По ту сторону заснеженного окна покачивались, монотонно стуча, распахнутые ставни, пока он не открыл окно и не запер их. Мягкий мокрый снег, который весь день оседал на оконных стёклах, теперь смёрзся, и ему пришлось сломать сверкающую корку, прежде чем удалось отыскать ржавый крючок на ставнях.

На мгновение он высунулся наружу, погрузив онемевшие руки в снег, в его ушах завывал надвигавшийся снежный шквал; через пустынный сад и голую живую изгородь он увидел чёрную гладь реки, раскинувшейся во мраке.

Свеча позади него зашипела и затрещала, а по полу полетел лист бумаги для рисования; он закрыл окно и вернулся в комнату, засунув обе руки в потёртые карманы.

Маленькие американские часы на каминной полке продолжали тикать, но стрелки отставали, потому что не прошло и пяти минут.
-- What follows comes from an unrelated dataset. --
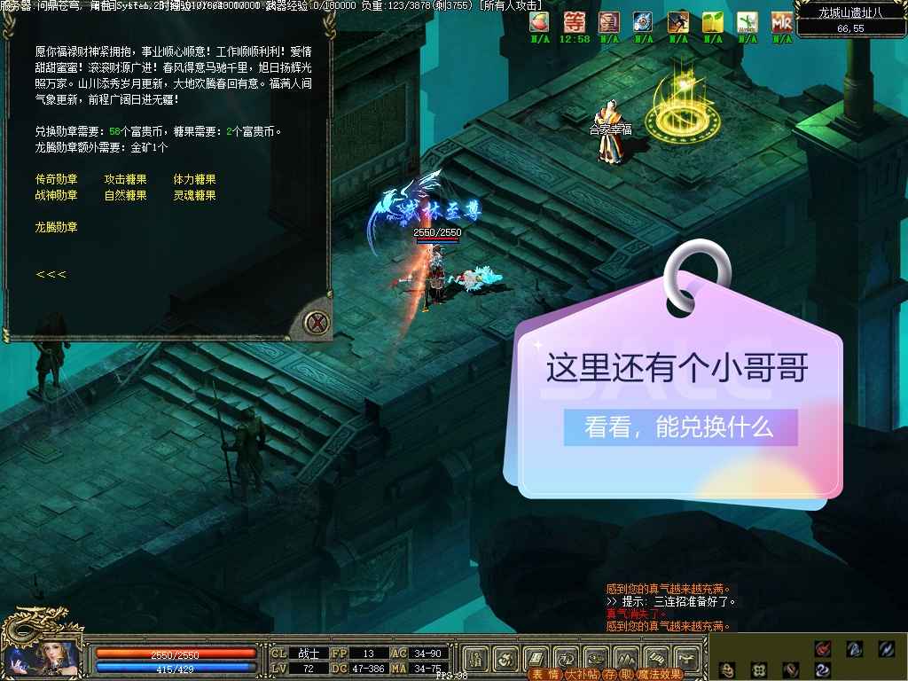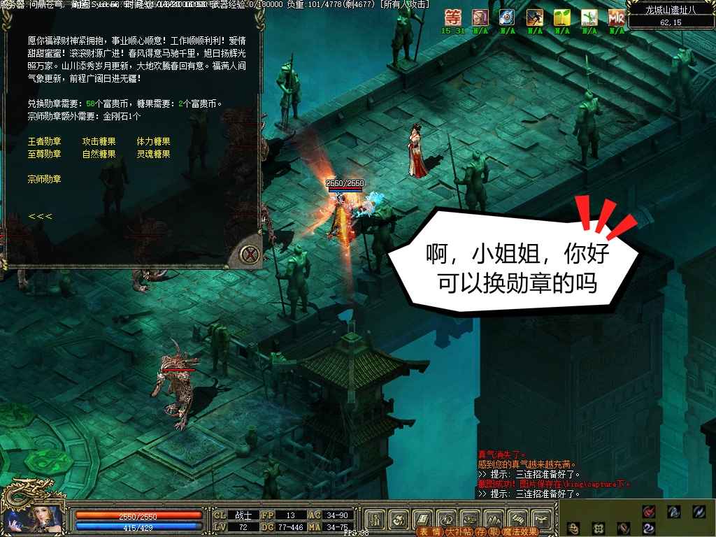 永恒经典Mir3特色项目之一:龙城山换勋章活动,炫酷外光勋章,长期开放兑换,龙城山遗址在苍月岛,可由潘夜岛北部码头坐船过去,入口苍月岛村子西边,离村子非常近,在遗址内猎杀吞金兽可获得富贵币,在最低层兑换勋章等物品。勋章加角色幸运,是运9的重要组成部分之一,额外还有其他属性,更有炫酷的外发光特效,可能是永恒经典Mir3的最好的特色之一,勋章有很多种,佩戴后男女角色可能会有不一样的超酷外光特效。

Он подошёл к камину и взглянул на стрелки часов. Минута — длившаяся для него больше года, — еле ползла.

По всей комнате была расставлена мебель — один или два стула из жёлтой сосны, стол, мольберт, и широкая кровать с портьерой в углу; за каждым из этих предметов залегли тени, грозные тени, которые никогда не двигались.

Небольшое бледное пламя вспыхнуло на дымящемся полене в камине, и комната наполнилась резким шипением вырывающихся древесных газов. Немного погодя загорелась задняя часть бревна; тут и там с мягким звуком на нём вспыхивали голубые струйки, похожие на огоньки газовых горелок, и через мгновение жёлтое пламя полностью окутало обугленное полено.

Затем тени пришли в движение; не те тени за мебелью — они никогда не двигались, — но другие, худые, серые, смутные, которые появлялись и расползались тонкими узорами вокруг него, и беспрестанно дрожали.

Он не осмеливался задеть или ступить на них, слишком осязаемыми они казались; тени оплели пол вокруг его ног, обвились вокруг коленей, упали ему на грудь, словно верёвки. Однажды ночью, в тишине вересковых пустошей, когда ветер и река смолкли, он боялся, что нити этих теней могут опутать его — подняться выше к шее и сжаться вокруг горла. Но даже тогда он знал, что те другие тени никогда не сдвинутся с места, эти серые фигуры, что притаились в каждом углу, приклонив колени.

Когда он снова взглянул на часы, прошло не больше десяти минут. Время в комнате нарушилось; нити теней, казалось, запутались в стрелках часов, не давая им вращаться. Он задавался вопросом, смогут ли тени задушить само Время, какой-нибудь тихой ночью, когда ветер и река смолкнут?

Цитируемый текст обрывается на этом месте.